A new anti-inflammatory drug that could help lower heart attack risk could open up a whole new frontier in medicine.
In the same way that statins are used to lower cholesterol, a new anti-inflammatory drug could not only lower the risk of heart attacks, but cancer, too.
In a paper published to The New England Journal of Medicine, scientists from pharmaceutical manufacturer Novartis unveiled the new drug, known as canakinumab. It lowers high-sensitivity C-reactive protein (CRP), which plays a key role in the inflammation and damage of arteries.

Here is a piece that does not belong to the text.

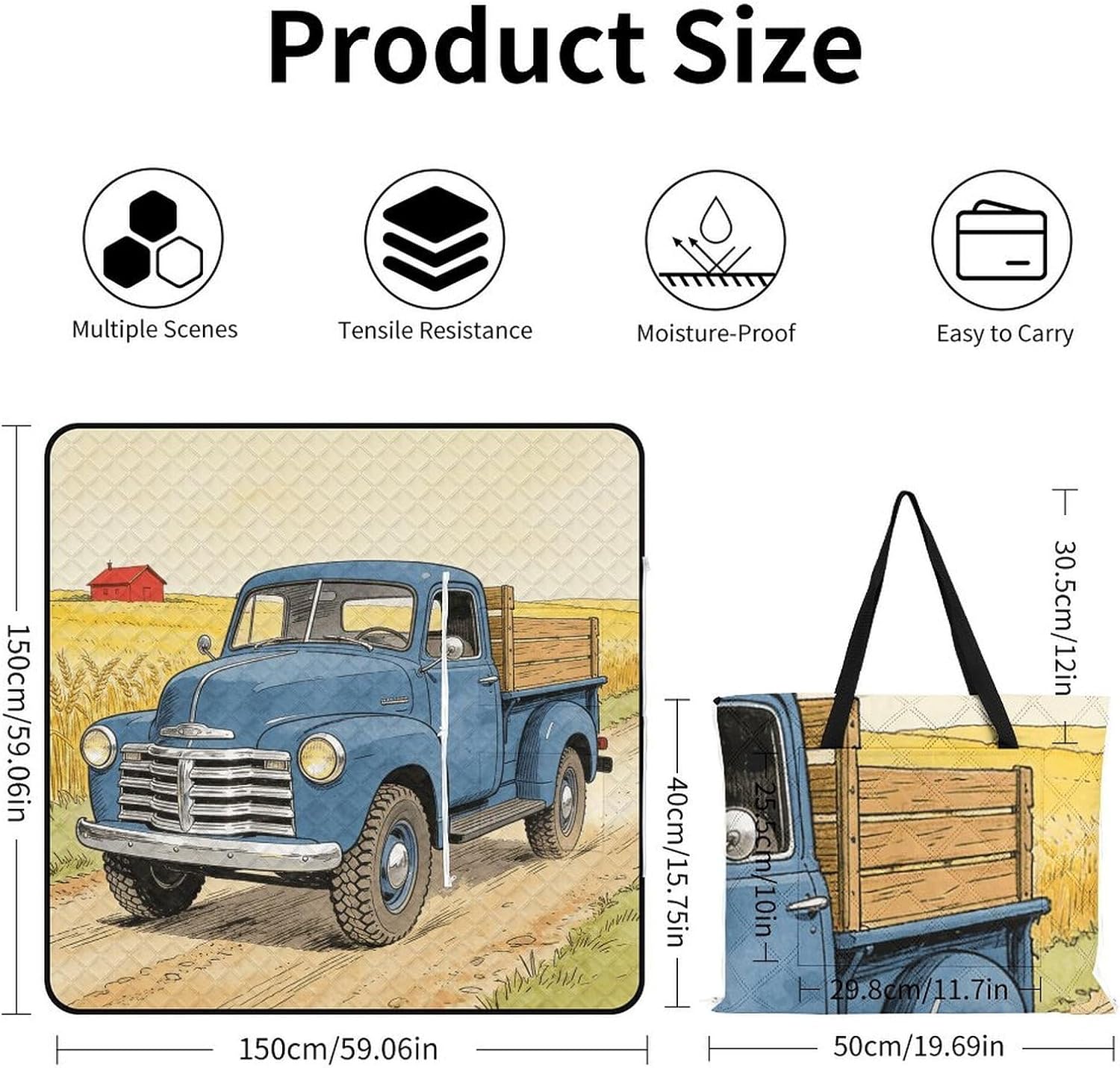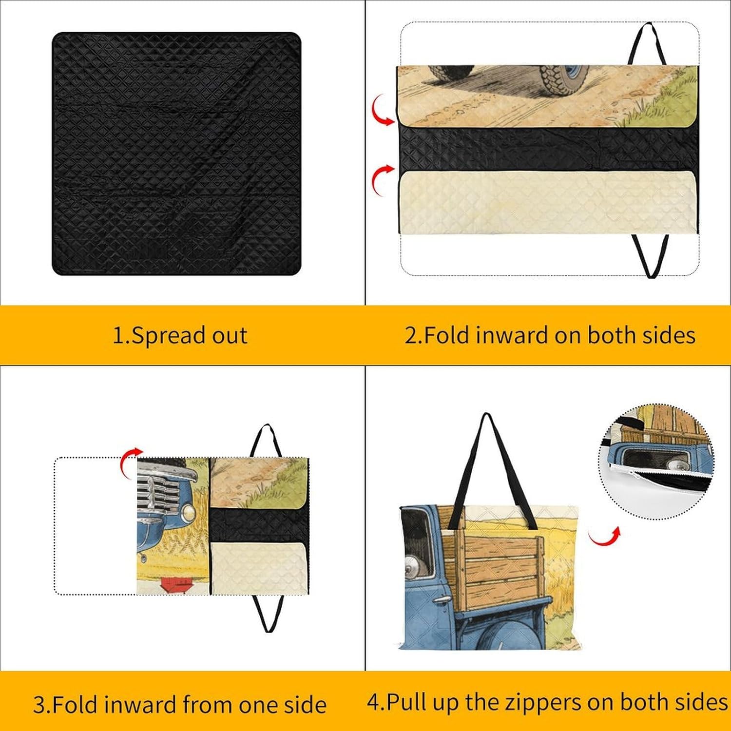 The picnic blanket ,we've only used the highest quality materials, so every picnic is an experience .The underside lining is very sturdy and therefore suitable for every surface. No more worrying about dirty or wet bottoms when you are sitting on damp grass. The Truck blanket protects you from water, dust and dirt.A large capacity bag and a picnic blanket, 2in1. It has a large capacity and one bag can hold everything you need for going out. You choose the place you want to lie down, and this bag can be turned into a comfortable picnic blanket in seconds also it can fold into tote bag, which is waterproof, sand-proof and wear-resistant.Therefor,you can take it to nearby parks, campuses, beaches or lawn, anywhere you want to lie down.

The drug was tested on 10,000 heart attack survivors with low cholesterol but high CRP, who were given a combination of statins and one of three different doses of canakinumab, or a placebo as a shot, every three months.
The findings showed that those on the medium dose had a 15pc lower chance of another heart attack, a stroke or a heart-related death over the next four years, compared to people given the placebo shots.
In a ratio described as very good, 33 of those tested were found to need treatment for five years to prevent one of these problems.
However, the researchers also found that those who had received the highest dose of canakinumab showed a lower risk of heart attacks, but this was not enough to determine that it was the result of the drug.
Slows growth of cancers
Another potentially major benefit was how the drug affected the growth and spread of cancers.
The results showed that the cancer death rate was only half as large among those getting canakinumab, while death rates for lung cancer were lower in people getting the two highest doses.
The researchers don’t believe that the drug prevents new cancers from developing, but it might slow the growth of any tumours that have already started.
There is a major downside to canakinumab, however, in that it was shown to raise the risk of fatal infections, with one in every 1,000 treated patients susceptible, particularly older people and diabetics.
The promising signs may outweigh the negative, but further tests will need to be done to help limit or eliminate this side effect.
Lead author on the study, Dr Paul Ridker, said: “We suddenly know we can address the inflammation itself, the same way we learned almost 25 years ago that we could address cholesterol. It’s very exciting.”